In the meantime it's:

?- char_code(C,0), partial_string([C],Xs0,[]).
   C = '\x0\', Xs0 = [].

Expected: Xs0 = "\0\" which is the same as Xs0 = ['\0\']

Further:

?- char_code(C,0), partial_string([C,b,c],Xs0,[]).
   C = '\x0\', Xs0 = "bc".

Expected: Xs0 = "\0\bc"

@mthom : [bug] since it must be true

for all Xs being a list of chars: partial_string(Xs, Xs0, []), Xs == Xs0.

Counterexample: Xs = "a\0\b".

But also

?- Xs = "a\0\b".
   Xs = "ab".

is incorrect.

@mthom , what is a terminator for PartialString?

I thought it was '0'. The 0-byte.

But in "a\x0\b" there is the '\0', wouldn't it cause issue?

That's what I thought! I'm not sure how to reconcile the two.

Not sure if it is possible, C-string have that issue. The terminator is the issue. Right now:

pstr.append_chars("\x00ab") == None

Why use a terminator?

I think the general idea is that \0 still causes partial strings to split, as it originally did. "a\x0\b" will write "a\x0" being to the first string/segment, and "\x0b\x0" to the second string/the first string's tail. See #95 for how the terminators are intended to work.

The catch is that no partial string (at least, none represented by HeapCellValue::PartialString) can be entirely empty, ie. each must contain at least one character. We have [] for empty strings.

Why use a terminator?

Eventually strings will be stored directly in the heap. The WAM needs to know when they terminate by scanning them since the length of the string won't be stored anywhere. That's not currently the case. Strings are currently stored to dedicated buffers pointed to from within the heap, and are deallocated via Rust's RAII.
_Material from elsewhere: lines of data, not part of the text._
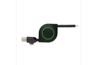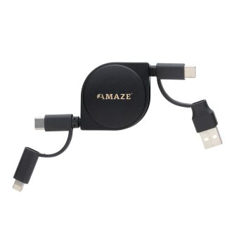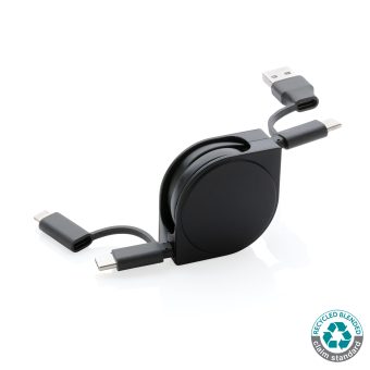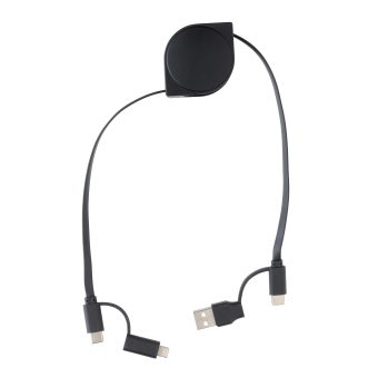 Câble rétractable 6 en 1 dont le boîtier est fabriqué en plastique ABS recyclé certifié RCS et le fil en TPE recyclé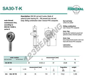 The Rod End Sa known as SA30-T-K-DURBAL DURBAL has a screw thread of , an inner diameter of 30 mm, an outer diameter of 70 mm and a thickness of 37 mm.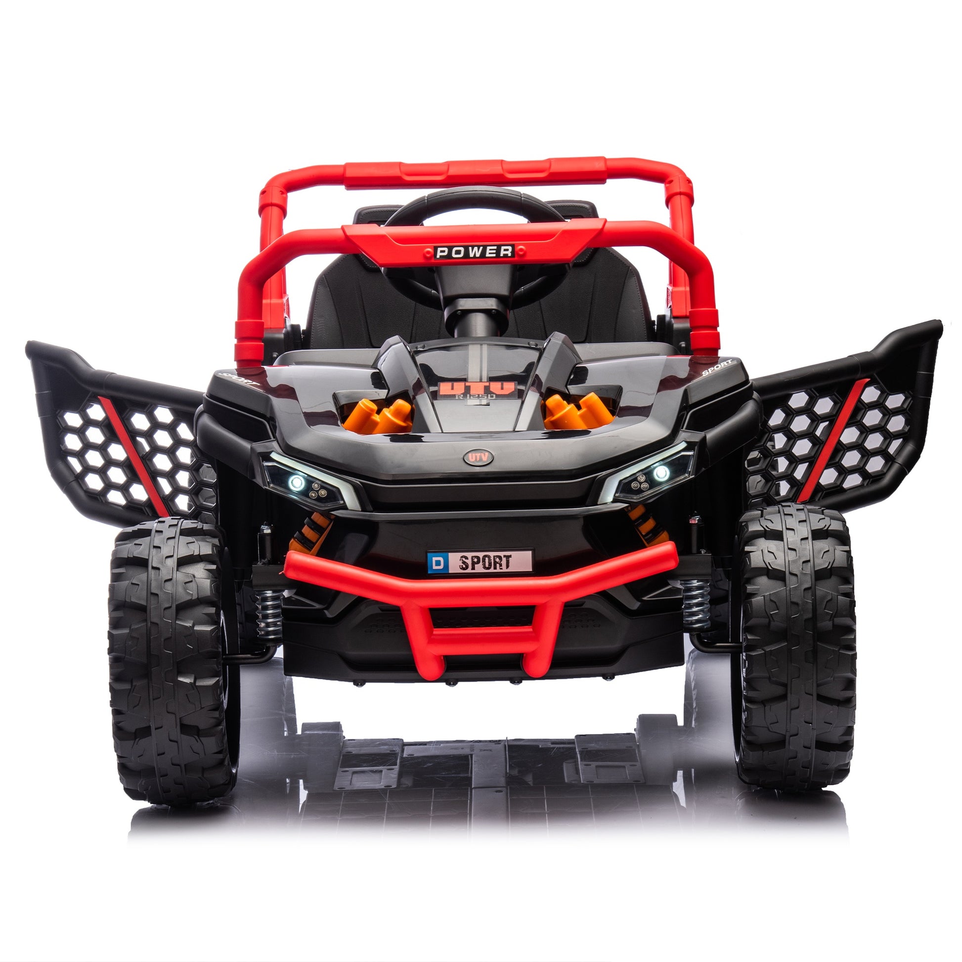 The iRerts 24v electric ride on toy UTV with remote control brings endless joy to children, with parents able to easily control it via remote, ensuring safety. Features like high and low-speed modes, cool LED lights, one-button start, Bluetooth, music player, and early education content make driving fun and engaging. Additionally, the four-wheel suspension system and convenient rear storage compartment ensure a smooth and comfortable ride, allowing children to explore various terrains and enjoy every adventure.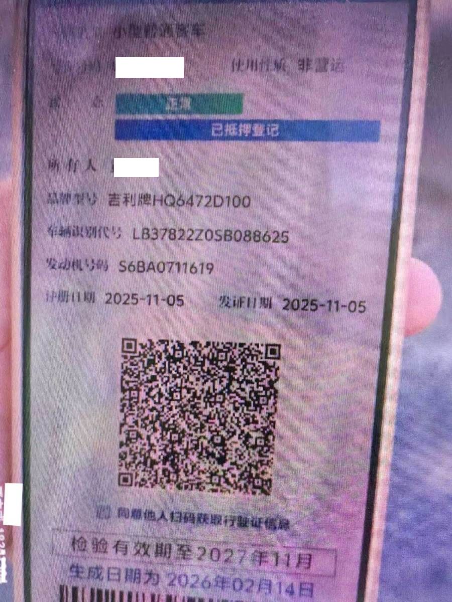 初次登记日期 2025-11-05 车辆名称 吉利汽车 博越L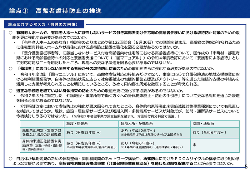 このうち、論点①「高齢者虐待防止の推進」では、「有料老人ホームや、有料老人ホームに該当しないサービス付き高齢者向け住宅等の高齢者住まいにおける虐待防止対策のための取組を更に強化する必要があるのではないか」との検討の方向性が示された。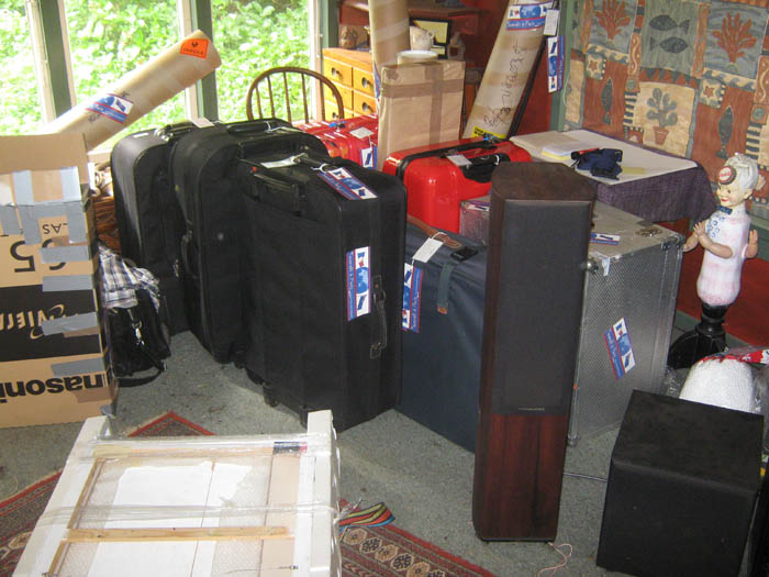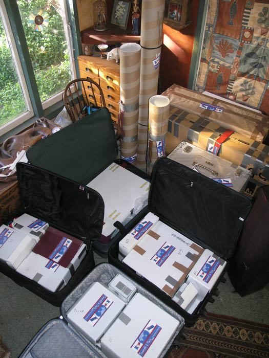 The house is full of packed bags and boxes and tubes. 235 artworks. It's going to be a real circus getting them safely to France.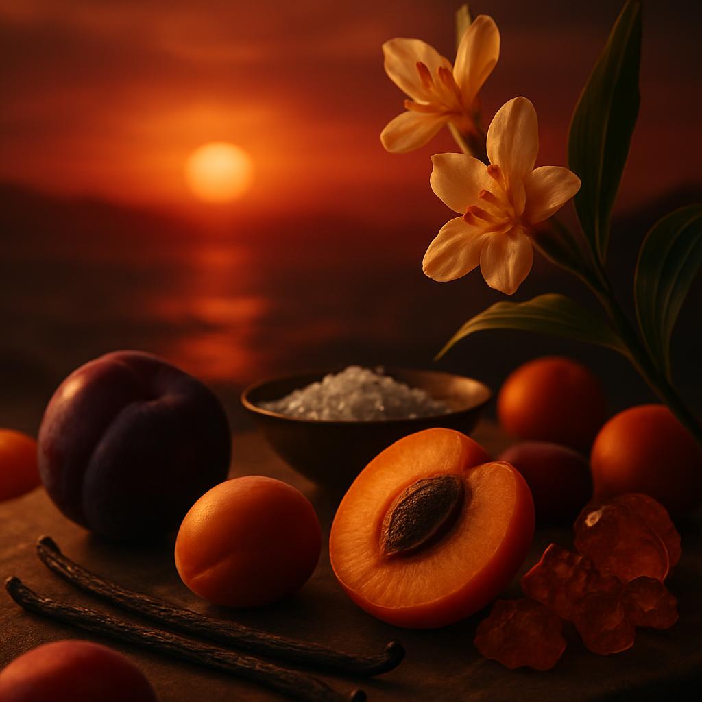 Notas de Salida: La fragancia se inicia con una combinación de ciruela, albaricoque y sal marina, proporcionando una apertura jugosa y ligeramente salada.

This comment seems to state that it isn't possible.

If the length can't be stored then the terminator is required but it doesn't seem possible to distinguish a terminator and '0'.

When allocate_pstr is called with "\x00ab" is the allocation done for "\x0\ab"?

It's written to a second string, the tail of "x0".

write_pstr is returning None for "x00x00". Will do some tests later.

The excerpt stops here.